$\newcommand{\Bilinear}{\operatorname{Bilinear}}$ Let $V$ be a finite-dimensional vector space over the field $\mathbb{F}$, and let $V^*$ denote its dual. Denote by $\mathscr{L}(V,V^*)$ by the space of all linear transformations from $V$ to $V^*$. I define a bilinear form to be a bilinear function $V \times V \to \mathbb{F}$. A bilinear form $\beta$ is said to be non-degenerate if for any $x\in V$, $\beta(x, \cdot) \equiv 0 \implies x =0$.
1. Are the spaces $\Bilinear(V\times V, \mathbb{F})$ and $\mathscr{L}(V,V^*)$ linearly isomorphic? In other words, does every bilinear form uniquely determine a homomorphism $V \to V^*$, and vice versa, in such a manner that respects the linear structure of both spaces?

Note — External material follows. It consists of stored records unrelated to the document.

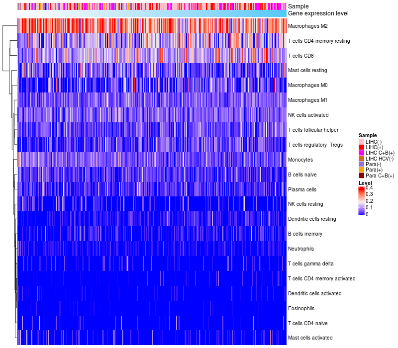 Liver hepatocellular carcinoma HCV (HBV+)(86), Liver hepatocellular carcinoma HCV (HBV-)(19), Liver hepatocellular carcinoma (HBV+)(209), Liver hepatocellular carcinoma (HBV+)(60), Paracancerous HCV (HBV+)(4), Paracancerous (HBV-)(28), Paracancerous (HBV+)(18) |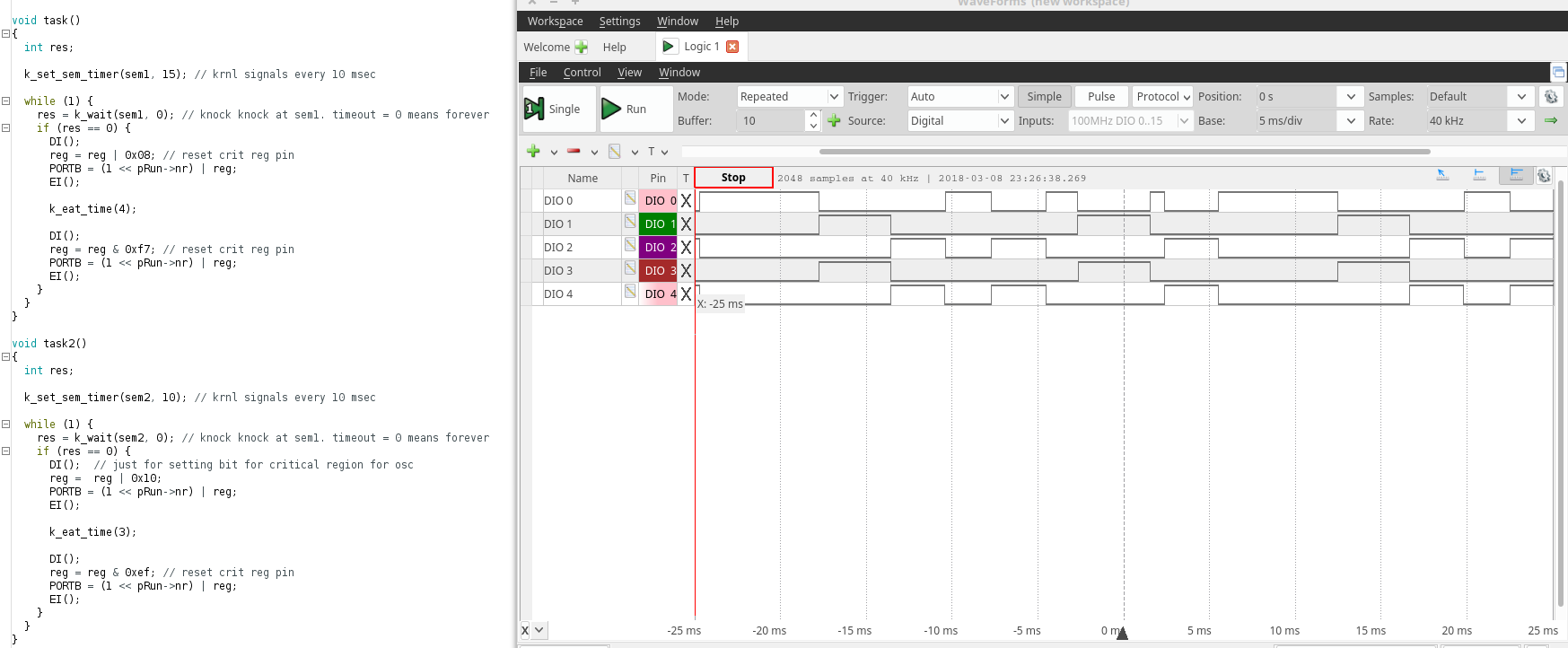 task(DIO 1) is running approx every 40 msec andd eating 10 msec of time.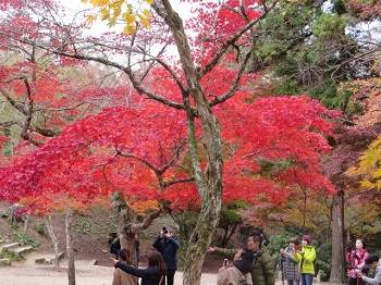 | 安芸の宮島の紅葉はどんなかなと、弥山へ。今回は、紅葉谷コースから大元公園へ下る。紅葉谷は見頃だったが、なんと異邦人の多いことか。 |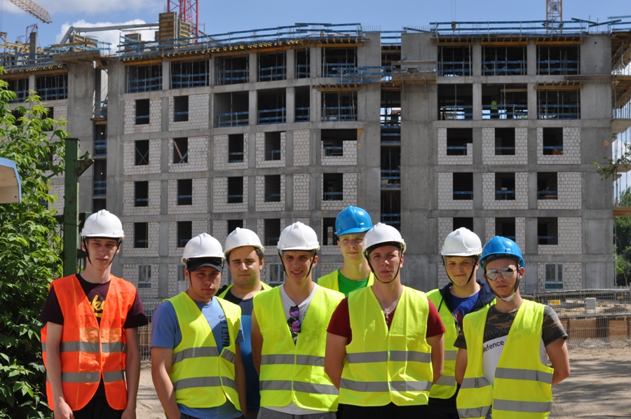 24 maja uczniowie technikum budownictwa odbyli wycieczkę na budowy prowadzone przez firmę ERBUD S.A. Jedną z nich było Centrum Handlowo-Usługowo-Rozrywkowe, a drugą Port Żerań - zespół budynków wielorodzinnych. Wycieczka miała charakter techniczno-szkoleniowy. Jej celem było zdobycie cennego doświadczenia, kontaktów zawodowych oraz integracja. Podczas wycieczki na powyższych budowach zostały poruszone tematy dotyczące min.: organizacji i technologii wykonania robót, rozwiązań konstrukcyjnych, zastosowanych materiałów oraz przepisów BHP.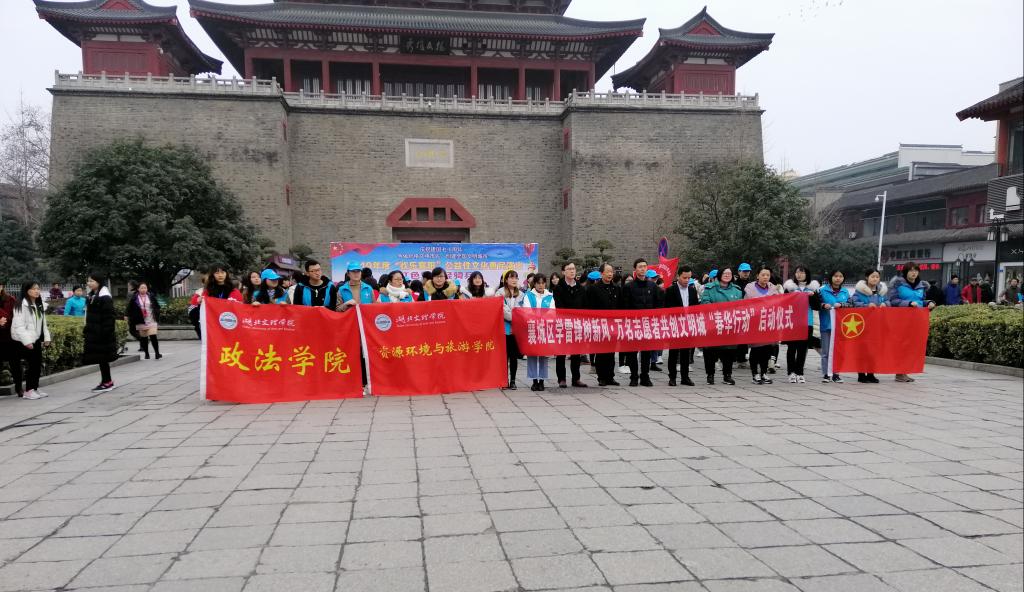 (政法学院 通讯员 杨清静)三月春风暖人心,雷锋精神与我同行,雷锋精神闪烁着时代的光芒,像一阵春风吹遍每一个角落。为了学习并大力弘扬雷锋精神,助力文明城市的创建,2019年3月3日上午9时政法学院分团委15名志愿者一起在昭明台参加了由共青团襄城区委、襄城区文明办、湖北文理学院资源环境与旅游学院、湖北文理学院政法学院联合组织的“万名青年志愿者,共创文明新襄城”启动仪式,并进行了相关志愿服务活动。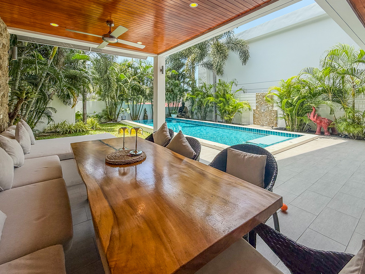 Espace extérieur couvert pour le salon et la salle à manger avec ventilateurs de plafond, situé à côté de la piscine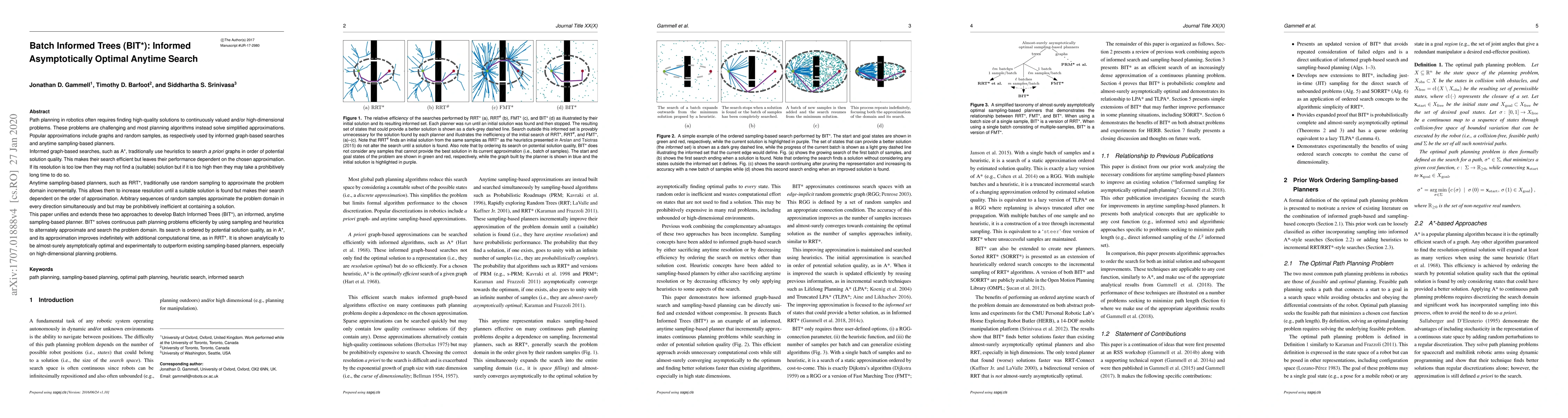 Batch Informed Trees (BIT*) is an anytime search planner that combines sampling and heuristics to efficiently solve continuous path planning problems in robotics. It outperforms existing planners on high-dimensional problems and is analytically shown to be asymptotically optimal.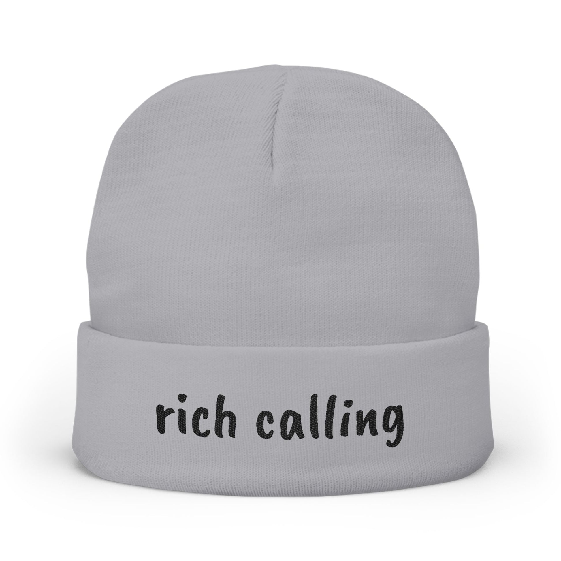 Stay cozy and stylish this winter with this breathable Knit Beanie featuring the phrase 'Rich Calling' Perfect for outdoor activities or just a casual day out, this beanie adds a touch of personality to any outfit. It's a great gift for friends or family during the holiday season or birthdays, suitable for anyone looking to express their unique style.
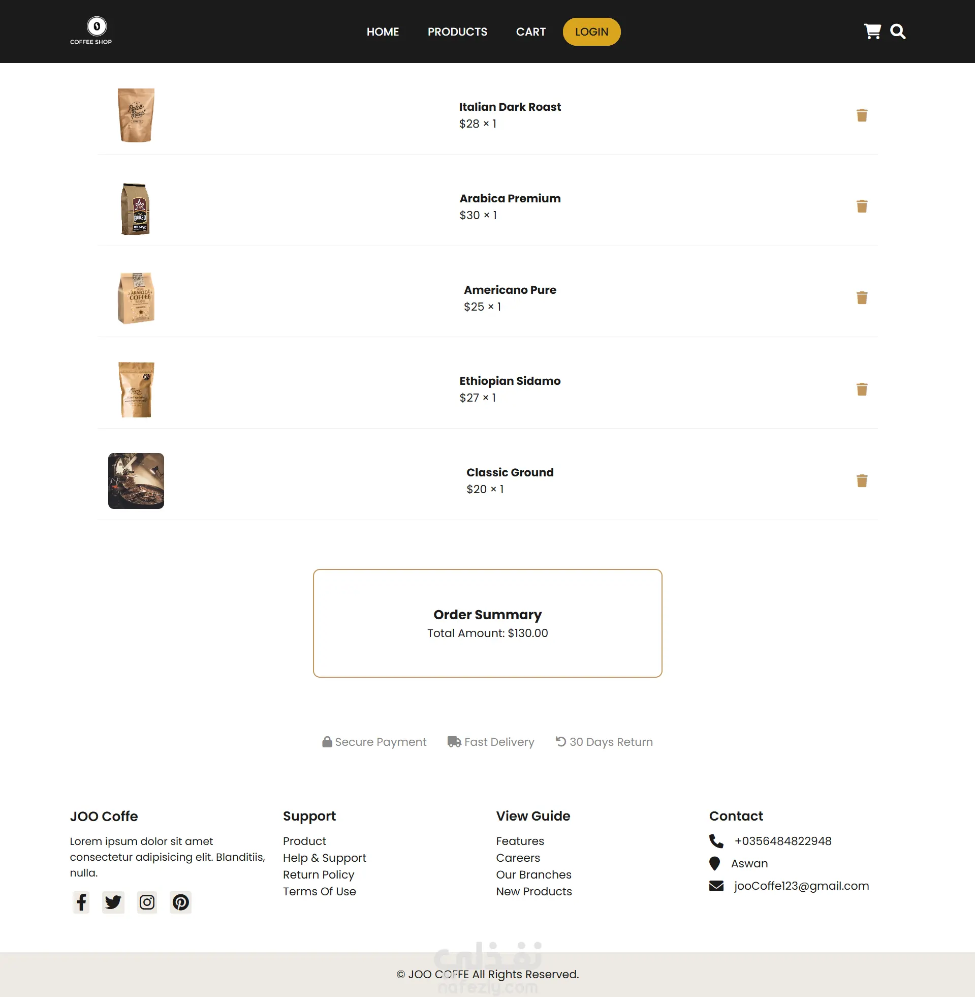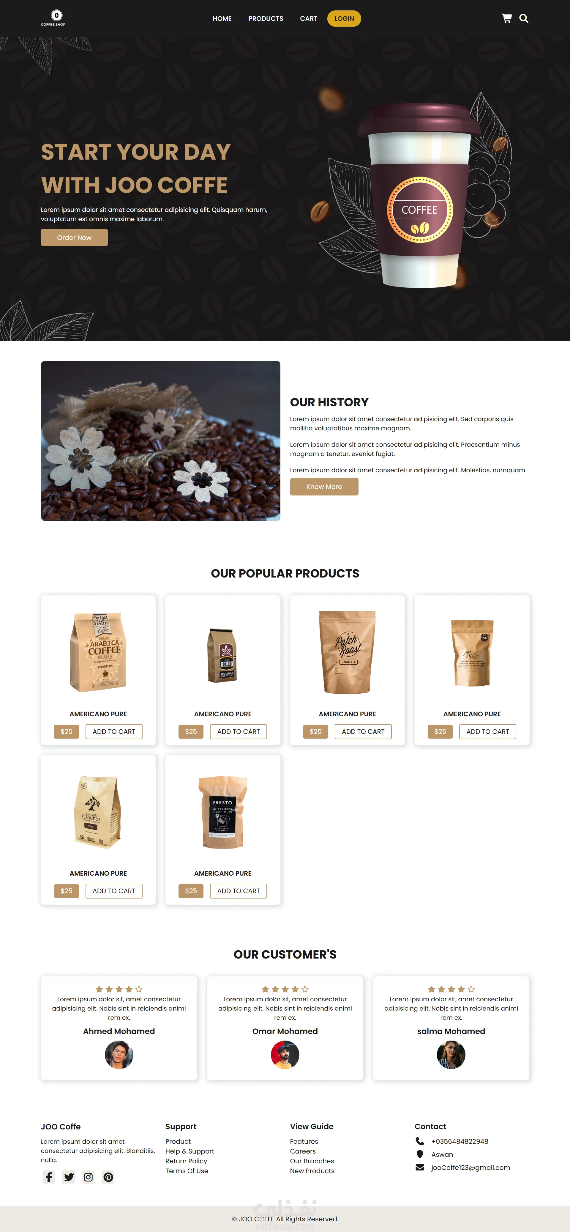 قمت بتطوير موقع ويب لبيع القهوة عبر الإنترنت يتيح للمستخدمين تصفح المنتجات وإدارة سلة المشتريات بسهولة.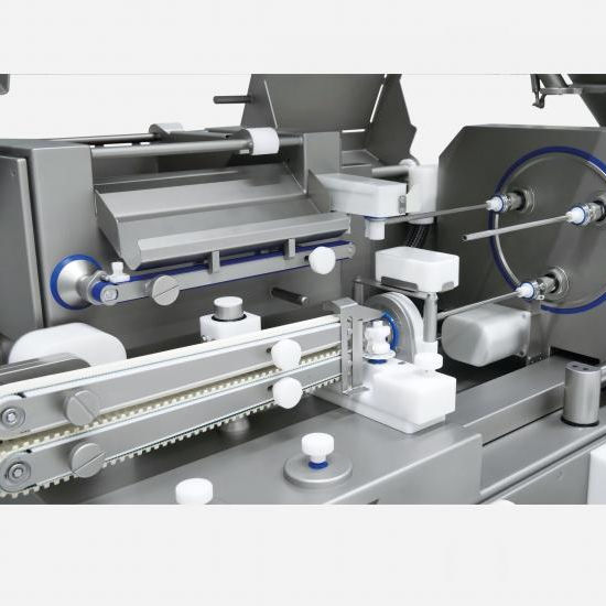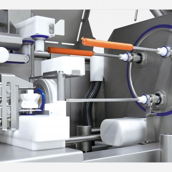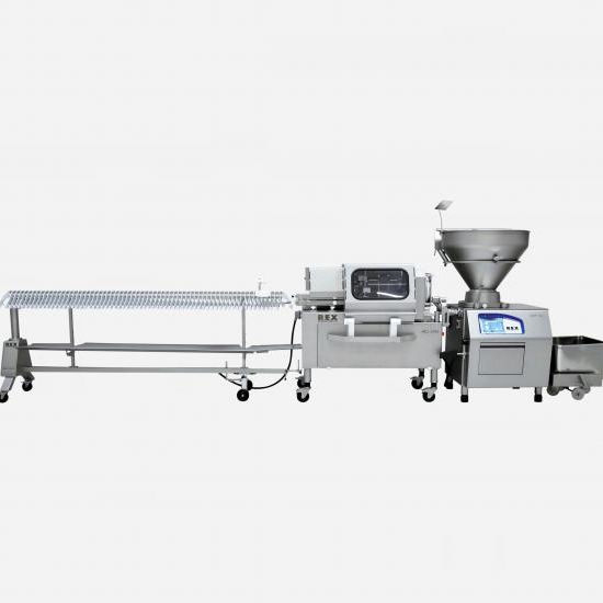 Вакуумний шприц, що безперервно працює, наповнює продукт в оболонку. Система зміщення визначає точну точку з’єднання і в поєднанні з високодинамічним сервоприводом REX забезпечує рівну довжину і максимальну швидкість продуктивності. Продуктивність порцій понад 2500 штук за хвилину для штучних і колагенових оболонок і до 1000 порцій за хвилину для натуральних оболонок – залежно від відповідної довжини продукту.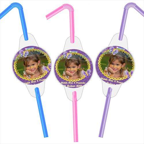 Sevimli Kelebek Temalı Mor - Fotoğraflı - Pipet

2. Does every non-degenerate bilinear form uniquely determine an isomorphism $V \to V^*$, and does every isomorphism $V \to V^*$ uniquely determine a non-degenerate bilinear form, in such a way that respects the linear structure of both spaces?
Best Answer
Let me offer a short proof using dual bases. Let $v_1, \dots, v_n$ be some basis of $V$ and $v^1, \dots, v^n$ the associated dual basis of $V^{*}$. Define the map $\phi \colon \mathcal{L}(V,V^{*}) \rightarrow \operatorname{Bi}(V \times V, \mathbb{F})$ by $\phi(T) := g_T$ where $g_T(u,v) = T(u)(v) = \varepsilon(T(u), v)$. It is readily verified that this map is linear so it is enough to show that $\phi$ is one-to-one and onto. Since $$ T(v_i) = \sum_{i=1}^n \varepsilon(T(v_i), v_j) v^j $$
we see that the map $T$ is determined uniquely by the $n \times n$ scalars $\varepsilon(T(v_i), v_j)$ (since the matrix $(\varepsilon(T(v_i),v_j))$ is the matrix representing $T$ with respect to the bases $v_1,\dots,v_n$ of $V$ and $v^1,\dots,v^n$ of $V^{*}$). Hence, if $\phi(T) = 0$ then all the scalars $\varepsilon(T(v_i), v_j)$ are zero and $T = 0$. This shows the injectivity.
To show surjectivity, let $g$ be a bilinear form on $V$ and define a linear map $T$ by requiring that
$$ T(v_i) = \sum_{i=1}^n g(v_i, v_j)v^j $$
for all $1 \leq i \leq n$. Then a direct calculation shows that $\phi(T) = g$.